The large pharma companies are definitely embracing AI, and putting significant resources behind it. There’s just a huge number of things you can do with it. But their risk profile is quite different from a startup’s. Groups within big pharma tend to look for things that are achievable and make an immediate impact. Startups fill a different gap: they’re more willing to go after the moonshots, the things with maybe a 1% chance of success that require 10 years of sustained commitment. That doesn’t naturally fit a large pharma’s strategic planning horizon.

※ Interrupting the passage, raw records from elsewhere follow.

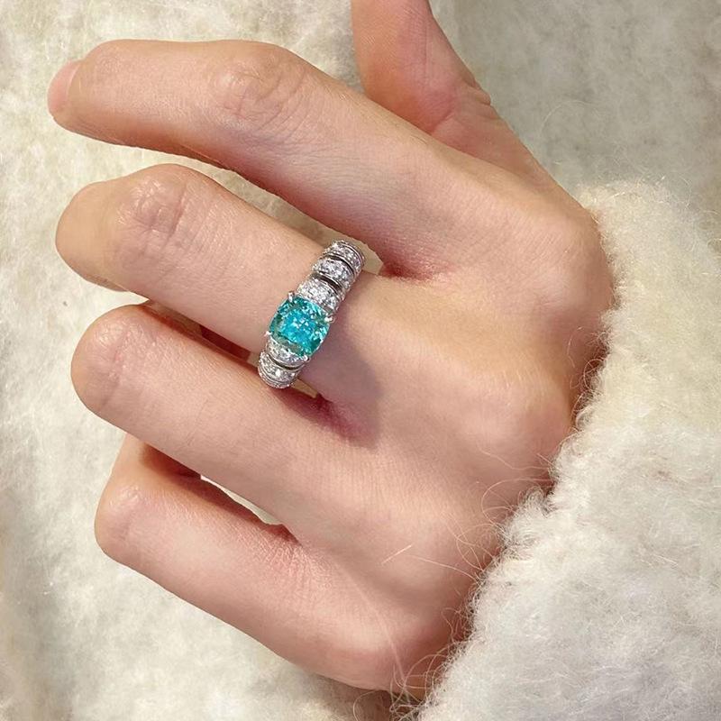 Ювелирные изделия храма Луоси 2024 Серебро S925 с инкрустацией 6*6 мм Параиба Европейско-американское кольцо в стиле легкой роскоши
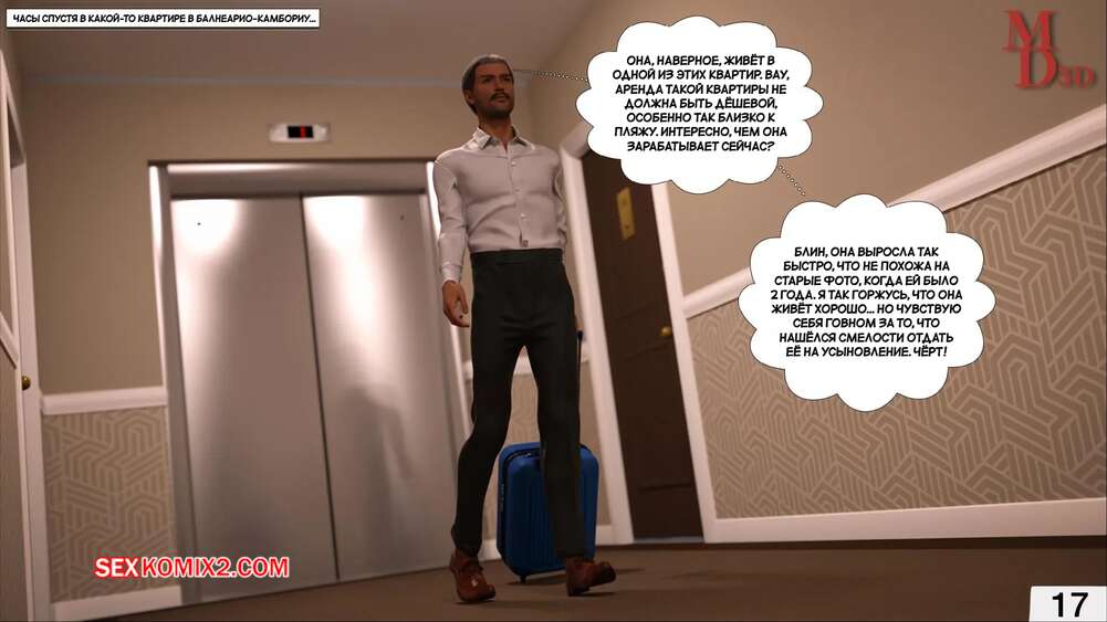 Порно комикс Аморальные искушения. Часть 1. Immoral Temptations. MagicDragon3D. Спустя много лет мужик решил встретиться со своей уже взрослой дочерью. Красотка приняла отца и накормила его, после чего он пошел принять душ после полета. Девушка принесла ему полотенце, но он случайно уперся в нее своим членом.
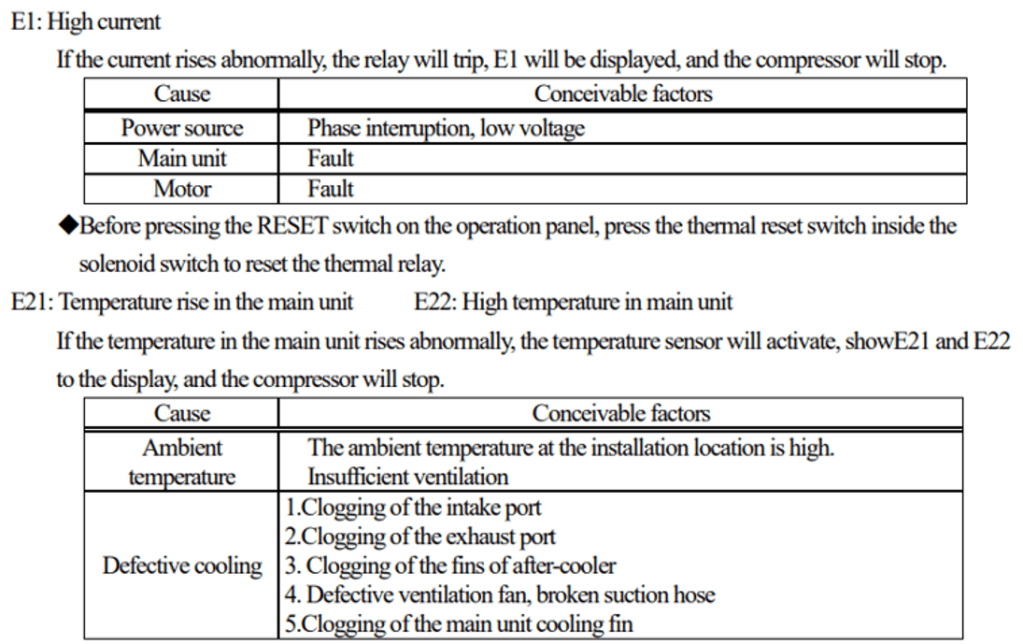 - 過電流保護 : 當電流達到過載設計值時,空壓機會自動跳脫,避免電氣元件受到損壞。
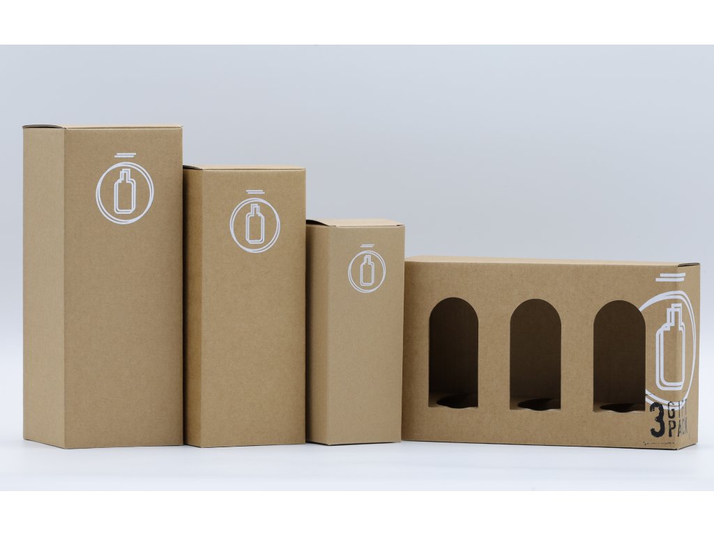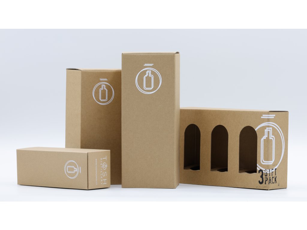 Lepenková dárková krabička s logem, bez razítka ve spodní části (na TŌSH gin s medvědem, Modrý gin, Twin a Ginu můžete mít krabičku s razítkem přímo u produktu). Nebo dejte vědět, jaké razítko máme natisknout. Na lahve 0,7 l, 0,5 l i 0,2 l. A také krabička 3x 0,1 l.

It is actually a smart play for them to watch many companies develop, wait until one becomes the category leader, and then acquire it. Maybe that acquisition costs half a billion — which might be a few percent of their annual R&D budget. So I don’t expect that dynamic to change anytime soon. What I do expect is that we will see a lot more M&A [mergers and acquisitions]. Until very recently there were almost no AI-driven biologics or antibodies in pharma pipelines. Then that jumped to around 10%, and many are now getting to clinical stages. I can totally see a future where the majority of the pipeline is touched by AI in some way — either improved or created as a novel molecule.
Is there anything else the Government could do that would move the needle for biotech startups?
The SEIS and EIS [Seed Enterprise Investment Schemes and Enterprise Investment Schemes] tax relief schemes were a significant reason why Antiverse — and probably many other companies — got funded in the first place. I know there are ongoing conversations about possibly changing or curtailing these, and, in my view, if that were to happen, it would have a very direct and negative impact on how early-stage companies get funded in this country.
More broadly, there is a persistent funding gap between the early stage, where you get companies founded on a story, and the Series A stage, where institutional investors want numbers. In that gap — between a compelling pitch and a data-driven investment case — companies often fail. Governments, accelerator programmes, and family offices currently fill some of that gap, but not nearly enough of it. That’s where most of us fail, and that’s where more attention is needed.
We ask all our guests the same closing question: what’s one interesting thing you’ve read or listened to recently that you’d like to share with our readers?
Well, I mentioned it earlier, but The Economist article about Mila Makovec is worth highlighting. Obviously the personal story was heartbreaking, and the science fascinating, but what struck me most was the regulatory discussion it encompassed. It offers a glimpse of what truly personalised medicine could look like in practice — where individual cases can drive systemic change that benefits many others. That regulatory flexibility — that willingness to adapt frameworks — is what the sector needs if we’re serious about innovation.